### Exercise input
◆ ◆ ◆ ◆ ◆ ◆ ◆

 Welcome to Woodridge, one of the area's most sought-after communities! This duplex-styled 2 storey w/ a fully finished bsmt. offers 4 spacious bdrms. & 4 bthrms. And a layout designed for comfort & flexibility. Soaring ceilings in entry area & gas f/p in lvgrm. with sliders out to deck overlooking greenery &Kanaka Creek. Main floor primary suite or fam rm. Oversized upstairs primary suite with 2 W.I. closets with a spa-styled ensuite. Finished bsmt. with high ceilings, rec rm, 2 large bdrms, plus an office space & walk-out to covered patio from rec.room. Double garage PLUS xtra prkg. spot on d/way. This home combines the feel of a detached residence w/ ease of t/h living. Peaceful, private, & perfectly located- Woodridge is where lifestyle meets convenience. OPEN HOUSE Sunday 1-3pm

◆ ◆ ◆ ◆ ◆ ◆ ◆

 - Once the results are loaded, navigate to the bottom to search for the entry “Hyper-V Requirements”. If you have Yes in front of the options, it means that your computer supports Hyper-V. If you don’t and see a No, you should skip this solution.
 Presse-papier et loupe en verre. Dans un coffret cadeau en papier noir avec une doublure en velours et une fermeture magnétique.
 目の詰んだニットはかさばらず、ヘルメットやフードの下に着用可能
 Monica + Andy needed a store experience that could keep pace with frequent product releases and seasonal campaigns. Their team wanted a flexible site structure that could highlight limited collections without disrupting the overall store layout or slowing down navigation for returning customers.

◆ ◆ ◆ ◆ ◆ ◆ ◆

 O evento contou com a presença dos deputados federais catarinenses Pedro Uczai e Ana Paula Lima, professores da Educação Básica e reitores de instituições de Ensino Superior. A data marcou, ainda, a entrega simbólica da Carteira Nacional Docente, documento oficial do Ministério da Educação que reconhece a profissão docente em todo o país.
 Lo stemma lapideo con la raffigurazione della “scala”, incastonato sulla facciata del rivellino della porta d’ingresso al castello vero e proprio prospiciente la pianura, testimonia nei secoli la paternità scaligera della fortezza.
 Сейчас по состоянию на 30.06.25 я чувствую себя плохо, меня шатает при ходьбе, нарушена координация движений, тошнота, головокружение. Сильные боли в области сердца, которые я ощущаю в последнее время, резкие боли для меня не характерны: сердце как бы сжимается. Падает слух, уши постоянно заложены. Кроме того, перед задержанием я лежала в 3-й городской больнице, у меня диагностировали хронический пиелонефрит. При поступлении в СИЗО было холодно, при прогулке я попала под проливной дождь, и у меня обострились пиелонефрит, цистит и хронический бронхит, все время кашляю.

◆ ◆ ◆ ◆ ◆ ◆ ◆

Please copy the lines in the records above between the one holding "Lo stemma lapideo" and the one holding "Сейчас по состоянию", inclusive, exactly and with no other line.

 Lo stemma lapideo con la raffigurazione della “scala”, incastonato sulla facciata del rivellino della porta d’ingresso al castello vero e proprio prospiciente la pianura, testimonia nei secoli la paternità scaligera della fortezza.
 Сейчас по состоянию на 30.06.25 я чувствую себя плохо, меня шатает при ходьбе, нарушена координация движений, тошнота, головокружение. Сильные боли в области сердца, которые я ощущаю в последнее время, резкие боли для меня не характерны: сердце как бы сжимается. Падает слух, уши постоянно заложены. Кроме того, перед задержанием я лежала в 3-й городской больнице, у меня диагностировали хронический пиелонефрит. При поступлении в СИЗО было холодно, при прогулке я попала под проливной дождь, и у меня обострились пиелонефрит, цистит и хронический бронхит, все время кашляю.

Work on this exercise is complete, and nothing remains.